Halogen-Based Plasma Etching of Novel Field-Effect Transistor Gate Materials
- Author(s): Kiehlbaugh, Kasi Michelle
- Advisor(s): Graves, David B.
- et al.
Vacuum Beam Studies of Ruthenium Etching
Ru is known to have two volatile oxidation products, RuO3 and RuO4, although the etch rate is negligible when Ru is exposed to an O2 plasma discharge. The introduction of a small amount of additive gas, such as Cl2, has been shown to increase the Ru etch rate sixfold. The reason for this dramatic shift in etching is poorly understood, primarily because it is difficult if not impossible to study plasma-surface interactions in a plasma environment. The unique capabilities of the beam system have made it possible to explore the mechanism of Ru etching. It has been shown that under 500 eV Ar+ ion bombardment, the addition of O radicals lowered the etch rate by a factor of 2.5. This process was relatively insensitive to temperature over the range studied (room temperature to ~175°C). It was also shown that O radicals alone spontaneously etched Ru at a very slow rate over the entire temperature range.

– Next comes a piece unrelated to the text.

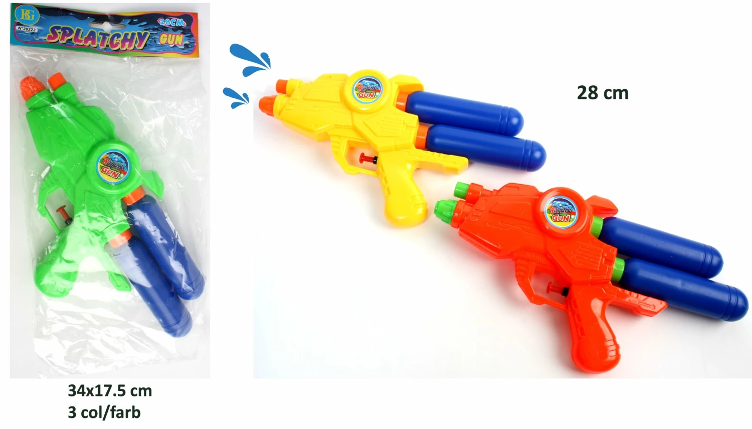 Ce pistolet à eau avec double réservoir mesure 28 cm, c’est l’arme idéale pour que les enfants s’amusent pendant des heures en plein air, c’est aussi un indispensable pour une kermesse. Ce pistolet est aussi un jouet pour les plus grands lors d’une fête en plein air.
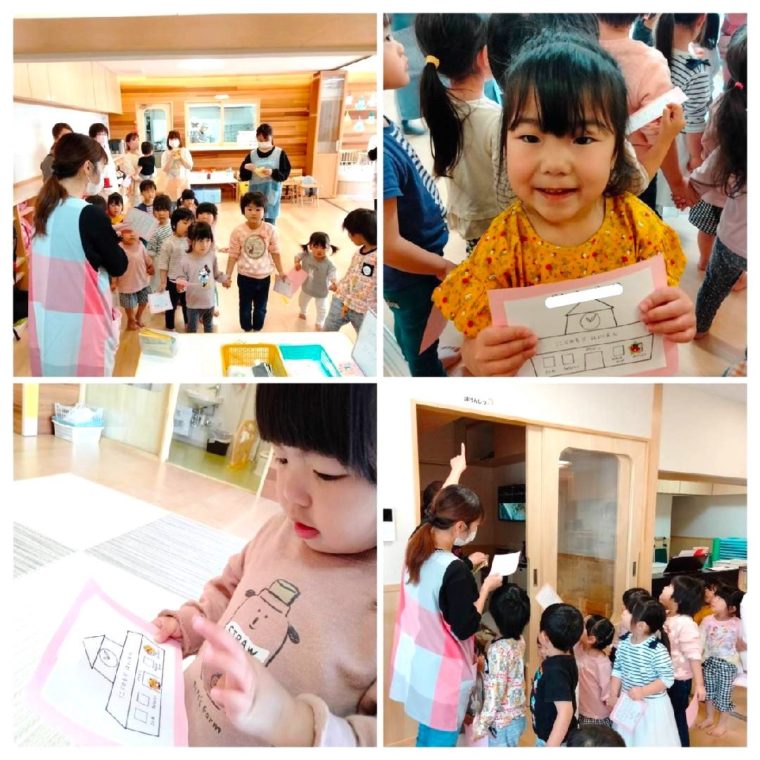 保育園の絵が書いてあるカードをひとり一枚持ち、各お部屋を探検した後にシールを集めていきました!

Statistical Analysis of Polysilicon Etching and Gate Profile Evolution in Dual-Doped Polysilicon Gates
Polysilicon gate etching for the 90nm lithography node and below requires extremely precise control of the gate CD and profile. Generally speaking, the current requirement for Gate CD control is that the 3 sigma should less than ~5 nm for all gates, including across the chip, across the wafer, wafer-to-wafer, lot-to-lot, and tool-to-tool variations. Similarly, for gate sidewall angle control, the 3 sigma angle variation should be less than ~1 degree, inclusive of all sources of variation. This is particularly challenging for technologies which employ dual-doped gates, since the chemistry and physics of the etching process induces a different profile evolution between gates with different doping.

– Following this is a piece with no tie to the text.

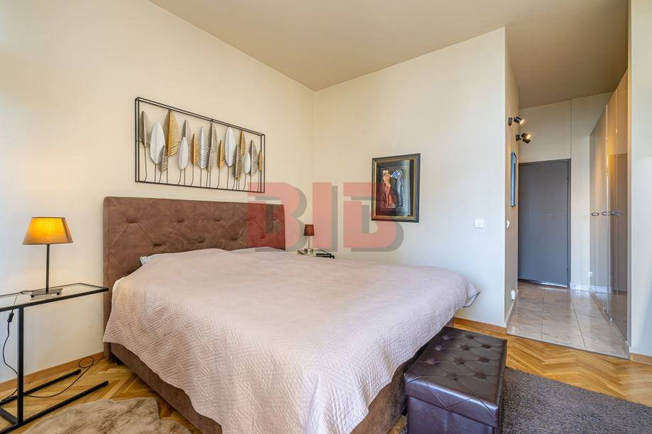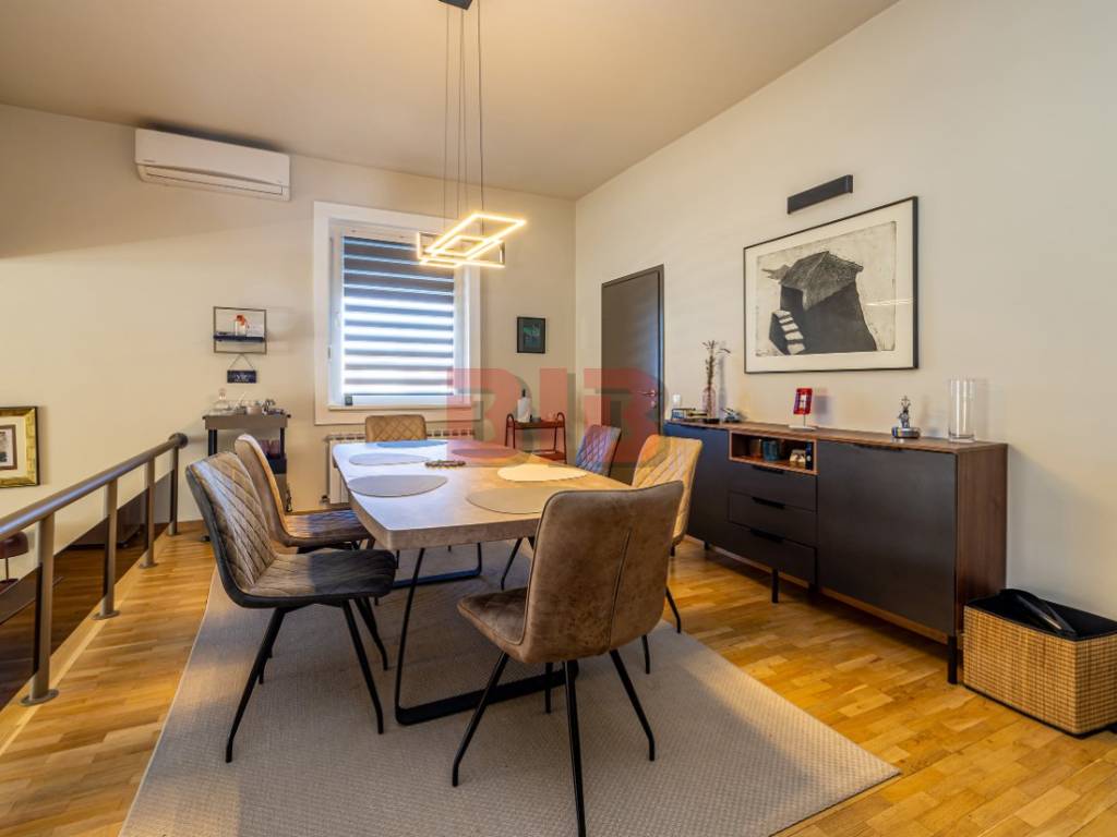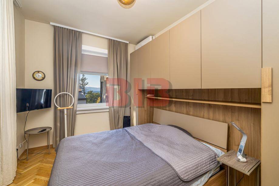 Raspored je vrlo moderan,veliki dnevni boravak sa kaminom i izlaskom na veliku lođu,dnevni dio odvojen od spavaćeg,sve u odličnom stanju,detaljno uređeno 2020 godine

The goal of this project was to identify a parameter space where the differences in gate profile evolution across different polysilicon dopant types were minimized. Blanket etch rates and patterned wafers were used to determine the effect of different gate etch process variables on the gate profile. The materials studied were undoped polysilicon and polysilicon that had been doped with P, As, Sb, and B. Prediction models were created for the blanket etch rate studies that were used to optimize the processing conditions and to propose some simple mechanisms that identify which species are adsorbed on the surface.